Quantum communications takes this up a notch, using the laws of quantum physics, to encode and transmit this data. Notably unlike traditional communications, it uses individual particles, such as photons or atoms, to carry information. Also, instead of bits and bytes, it uses qubits (quantum bits) as its basic unit of quantum information.
Thanks to the laws of quantum physics, individual particles carrying the information in quantum communications can achieve what’s known as superposition, which means they can represent multiple combinations of 1 and 0 simultaneously.
Think of it this way, the computers of today process information in bits of one or zero. The quantum computers of tomorrow will be able to process information as qubits- creating numerous possible combinations of 1 and 0 at the same time. Accelerating its processing capabilities exponentially.
Why does this matter?
The biggest advantage of quantum communications is that the use of qubits for the transmission of information is inherently secure against tampering or interception.
This is because qubits are very fragile so any attempt to disturb a quantum particle changes its state, making it impossible for a hacker to intercept a message or transmission without leaving signs that it has been tampered with. Making it a game-changer in information security and cryptography.
Enter quantum key distribution (QKD)?
Simply put, QKD is a form of secure communications used for sending encrypted data as traditional bits over networks, but the keys to decrypt the information are encoded and transmitted using qubits.
Specifically, it uses quantum particles, usually photons, to generate random keys (the bits of information usually random numbers and letters), for encrypting and decrypting (scrambling and unscrambling) data.
Next up, quantum teleportation
Now before you ask, no its not teleportation in the way we know it from classic Star Trek films (sorry, Scotty), instead it’s the transfer of quantum information between two locations without physically transmitting the particle itself.
Quantum teleportation works using a process known as entanglement. Essentially this is when you create pairs of qubits that are “entangled” and existing in a single quantum state. Changing the state of one of the qubits in a pair will instantly change the state of the other one, even if they are separated over very long distances.

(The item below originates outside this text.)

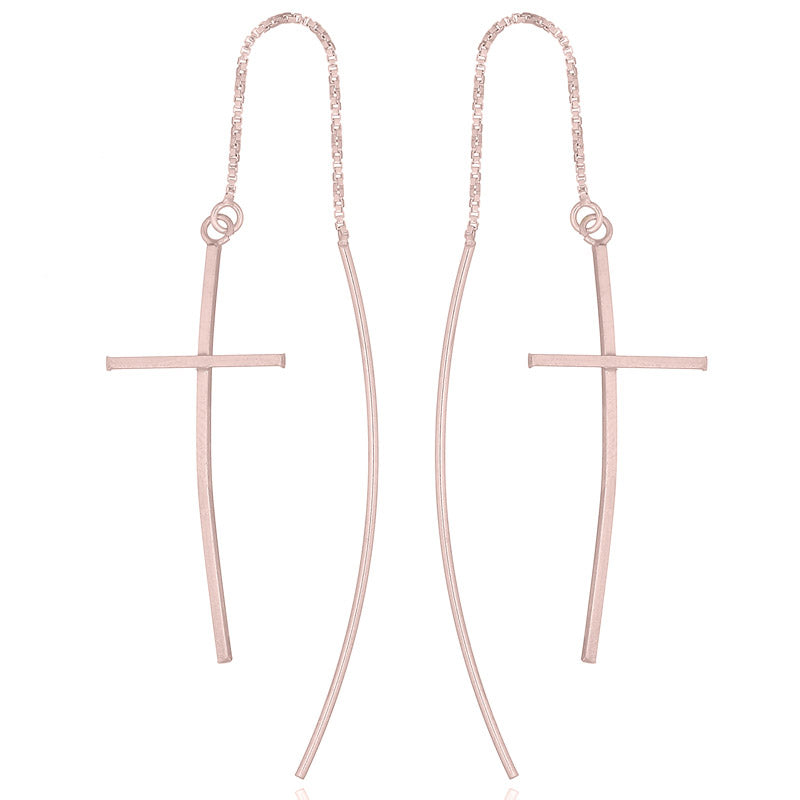 Curved Cross on a threader style earring available in Silver, Yellow Gold, and Rose Gold

Therefore, its security applications are particularly promising.
Challenges with quantum?
The biggest challenge for quantum communications is transmitting quantum information over extended distances. If done using fibre-optic cables or wireless technology, this creates challenges due to things such as signal degradation, photon loss as well as environmental disturbances. To have global scale quantum communication deployments, these challenges need to be addressed.
What are the opportunities?
One of the more exciting opportunities is the application of quantum communications using satellites. Satellites have unique advantages, such as their ability to transmit quantum information across vast distances without the same signal degradation experienced with optical fibres.

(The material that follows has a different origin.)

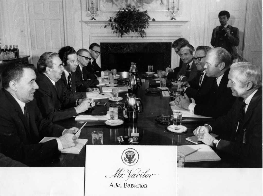 — Верно. Мы переводили первых лиц, а на уровне Громыко, его первого зама Корниенко и руководства госдепа и Совета национальной безопасности — переводили наши коллеги из МИДа. Американских переводчиков физически не было на переговорах, хотя они приезжали с делегацией. Не исключено, что они помогали на более низком уровне — может, документы переводили. Думаю, здесь дело в боязни утечек. Никсон и Киссинджер проводили политику, часто минуя госдепартамент и другие американские ведомства. И прессы они опасались.

In addition, QKD can establish secure communication links between remote locations globally, as well as secure connections between ground stations and satellites.

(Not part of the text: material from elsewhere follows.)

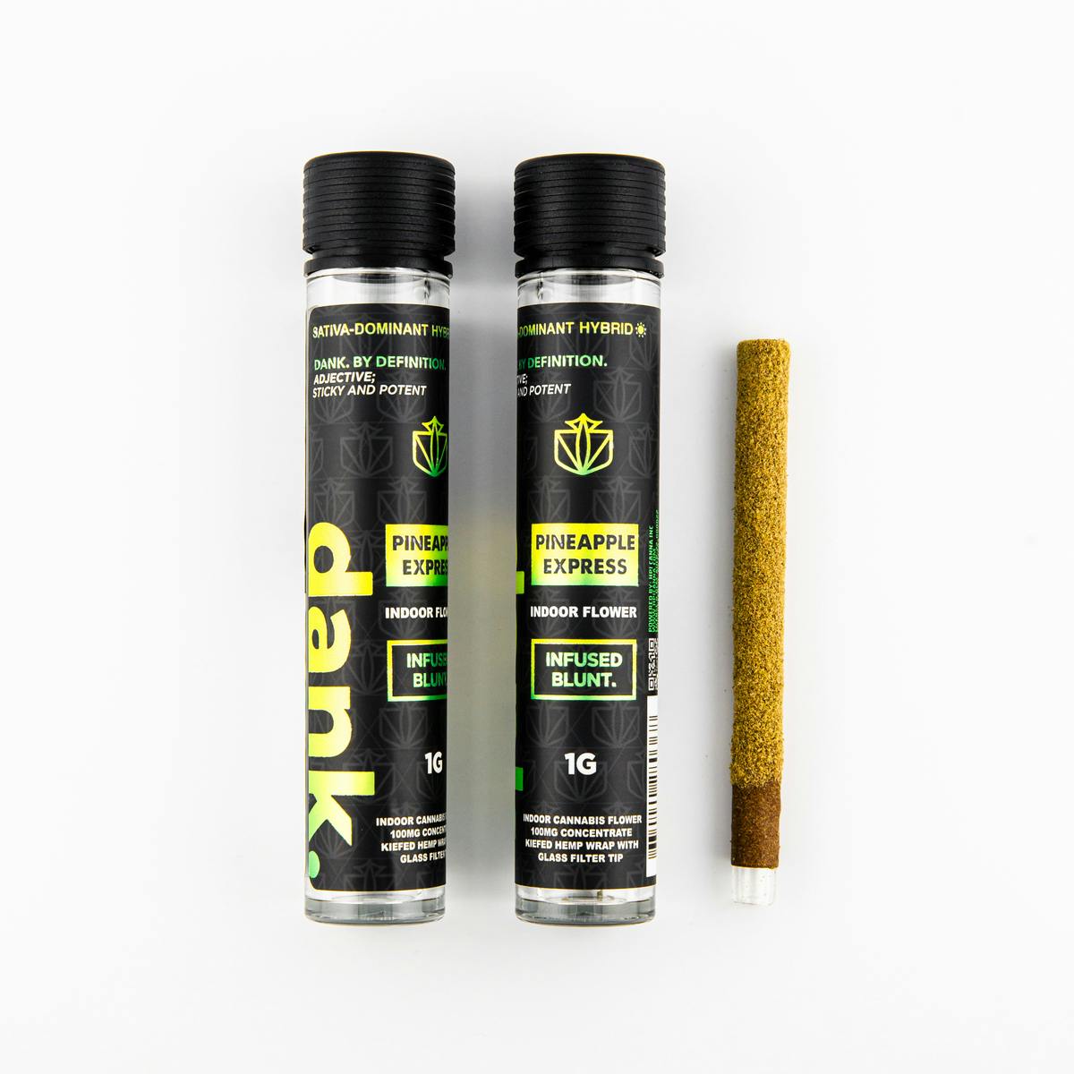 A one gram (1G) pre-roll blunt of premium DANK Pineapple Express flower rolled in fresh hemp wrap coated in Kief with a glass tip and infused with 50MG of concentrate.

What about the quantum internet?
Now that we’ve gotten to grips with the basic principles of this technology, we can see the potential future networking opportunities – the biggest being the quantum internet. This concept is based on our current global interconnected communications infrastructure but built on quantum networks.
Comprised of quantum computers, quantum repeaters, quantum relays and the like, the theory is that the quantum internet will sit alongside the current internet with all non-sensitive information continuing to traverse the globe using bits and bytes, while the quantum internet will serve to transmit the most sensitive business data as well as to connect data between quantum computers.